DIRECTIONS FOR THIS TASK: Return only what runs from the line containing "意味不明あだ名 | 『住所不定無職ニイチャンウゴイテ(4歳)』 |" through the last line of the entries below, exactly, omitting pictures.

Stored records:
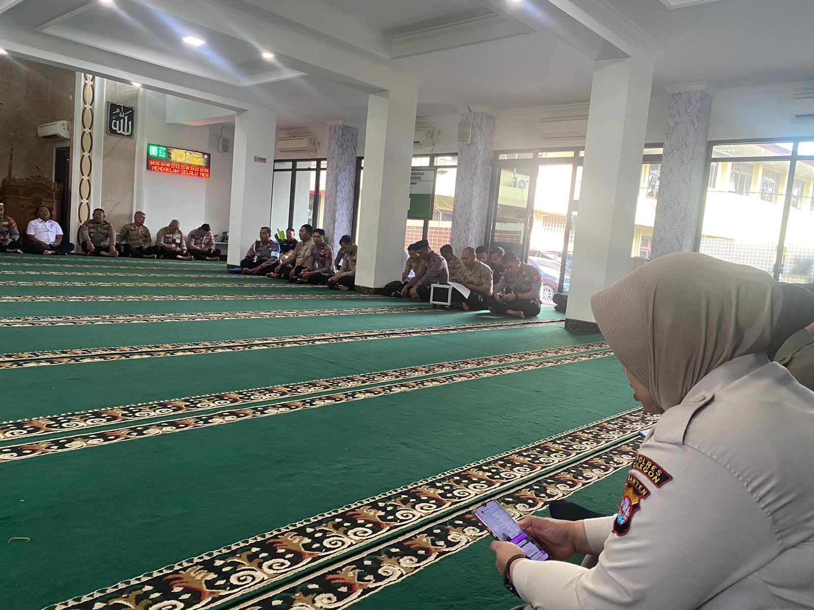 Personel Seksi Keuangan (Sikeu) Polres Cilegon melaksanakan kegiatan pembinaan rohani dan mental (Binrohtal) di Masjid Al Hidayah Polres Cilegon.
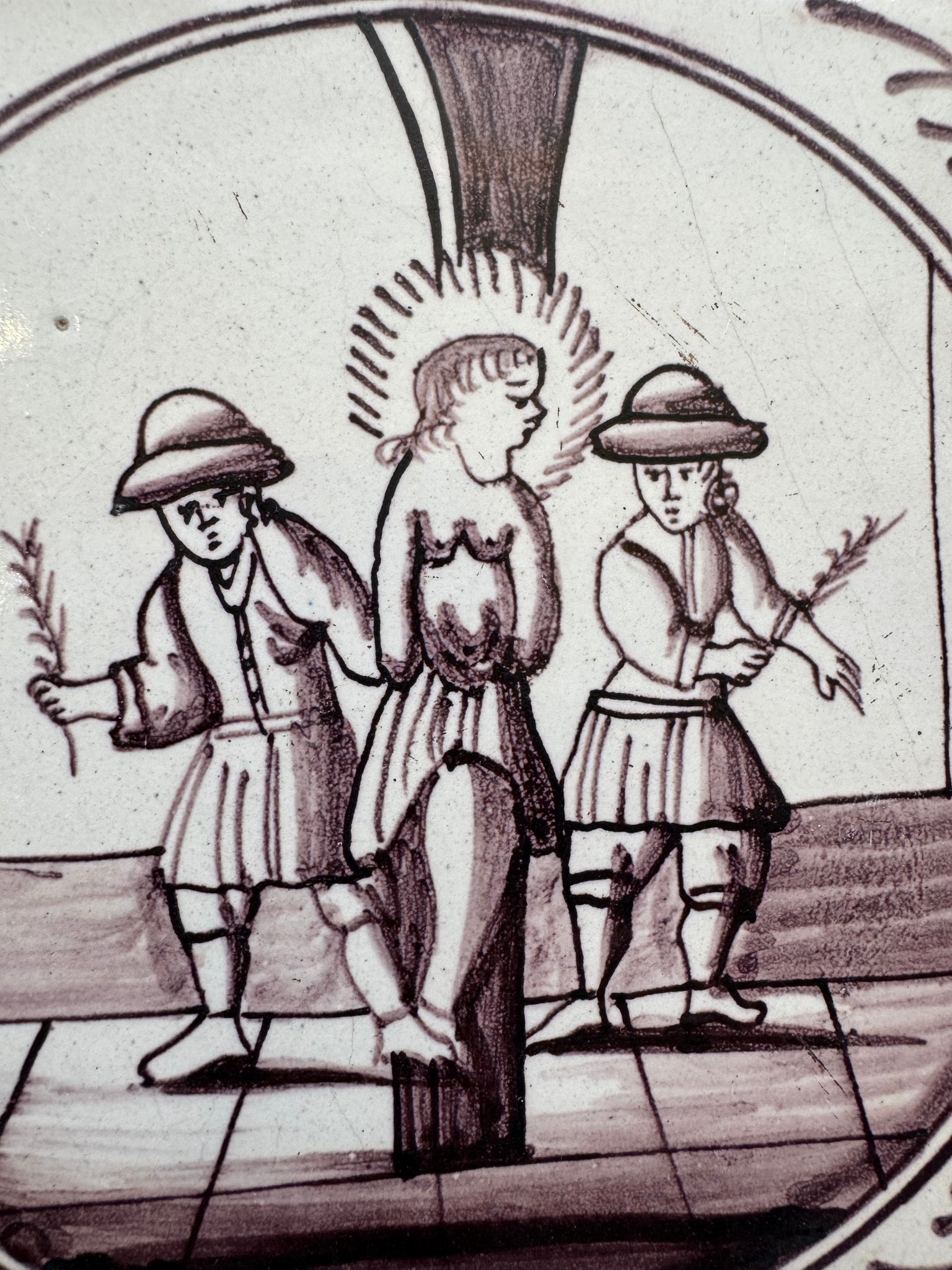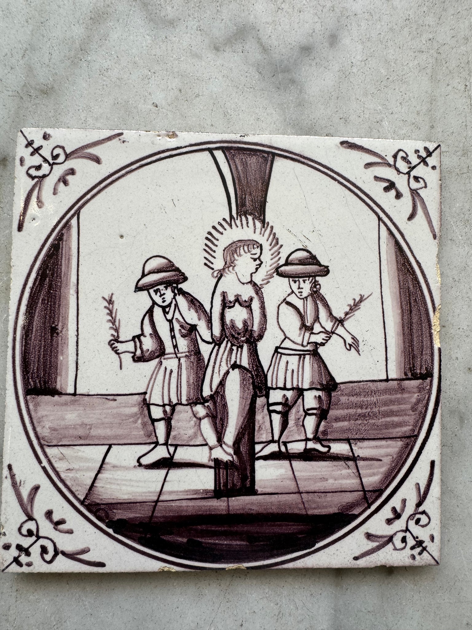 Christ whipped by the Romans , 18 th century delft biblical tile tile made around 1780
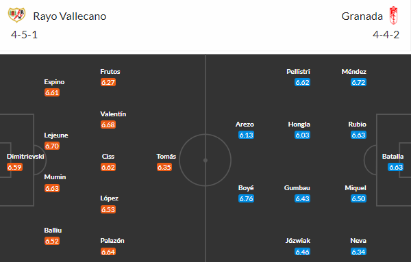 Tuy nhiên, Vallecano đã ghi được ít nhất 2 bàn thắng trong mỗi trận trong số 4 trận gần đây nhất gặp Granada (Thắng 3, Hòa 1), giúp họ có chuỗi 10 trận bất bại trong các trận đối đầu với đối thủ này. Sau khi giành chiến thắng 2-0 trong trận đấu lượt đi vào tháng 8, chiến thắng tới đây sẽ giúp Vallecano có lần đầu tiên thắng một đối thủ ở cả hai lượt trận thuộc mùa giải năm nay.
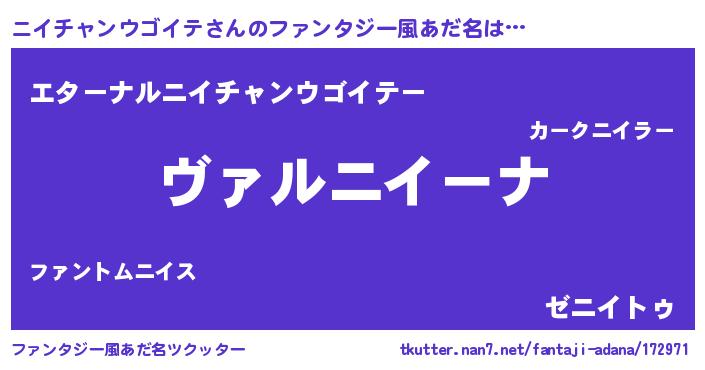 | 意味不明あだ名 | 『住所不定無職ニイチャンウゴイテ(4歳)』 |
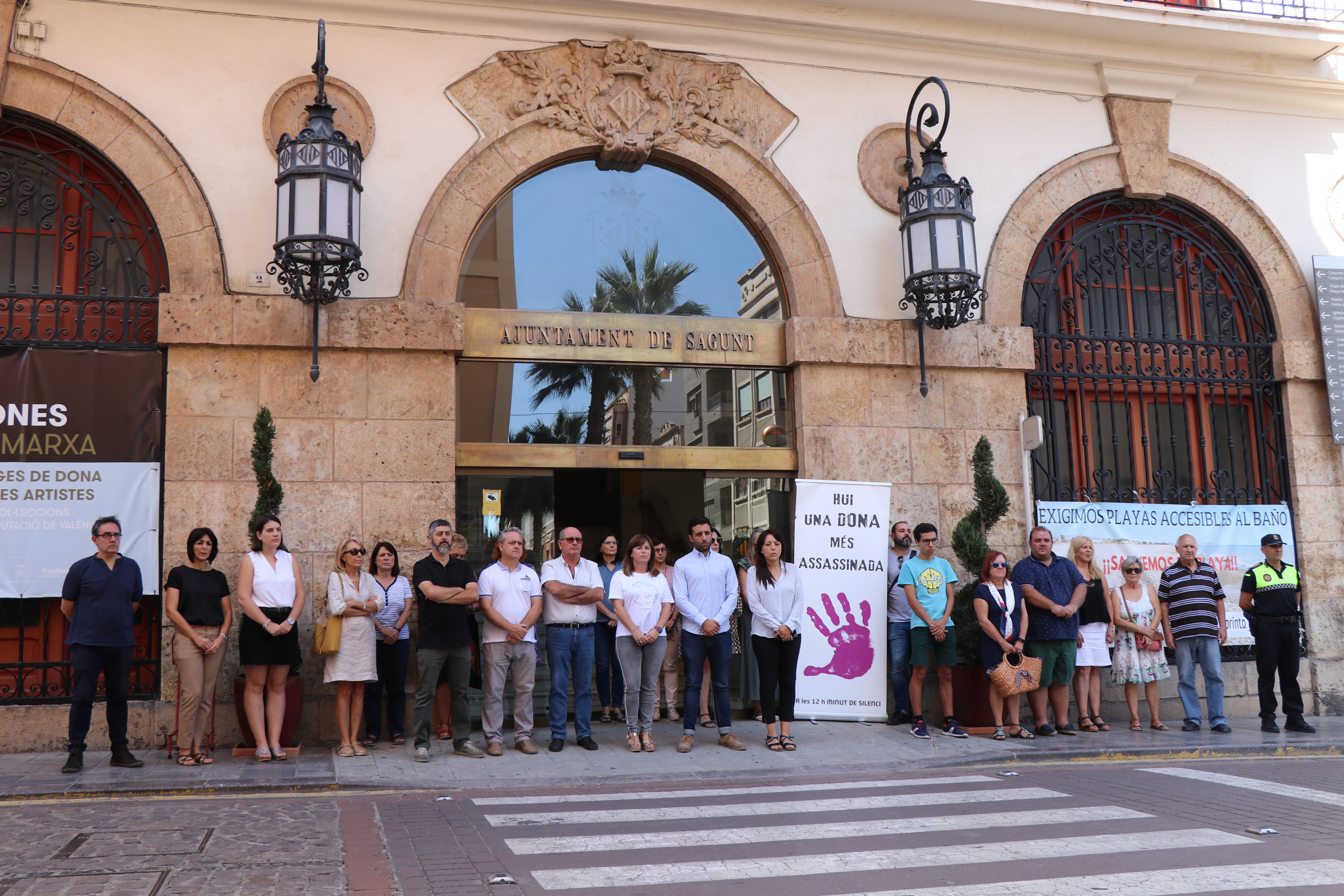 Miembros de la Corporación Municipal, del funcionariado y de la ciudadanía han condenado y mostrado su repulsa a estos hechos a las puertas de los edificios municipales.
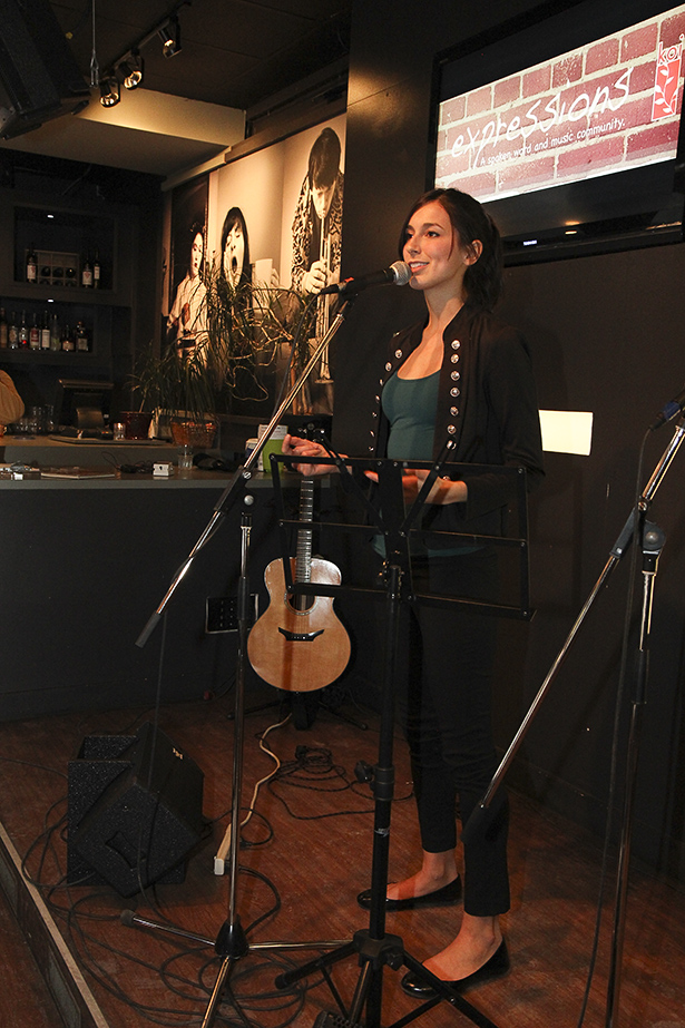Feature Pictures Poetry Night: Local poet Miranda Krogstad recites poetry during Expressions at Cafe Koi on Monday, Feb. 10, 2014. (Photo by Inonge Chimwaso/The Press)

ANSWER BELOW:
 | 意味不明あだ名 | 『住所不定無職ニイチャンウゴイテ(4歳)』 |
 Miembros de la Corporación Municipal, del funcionariado y de la ciudadanía han condenado y mostrado su repulsa a estos hechos a las puertas de los edificios municipales.
Feature Pictures Poetry Night: Local poet Miranda Krogstad recites poetry during Expressions at Cafe Koi on Monday, Feb. 10, 2014. (Photo by Inonge Chimwaso/The Press)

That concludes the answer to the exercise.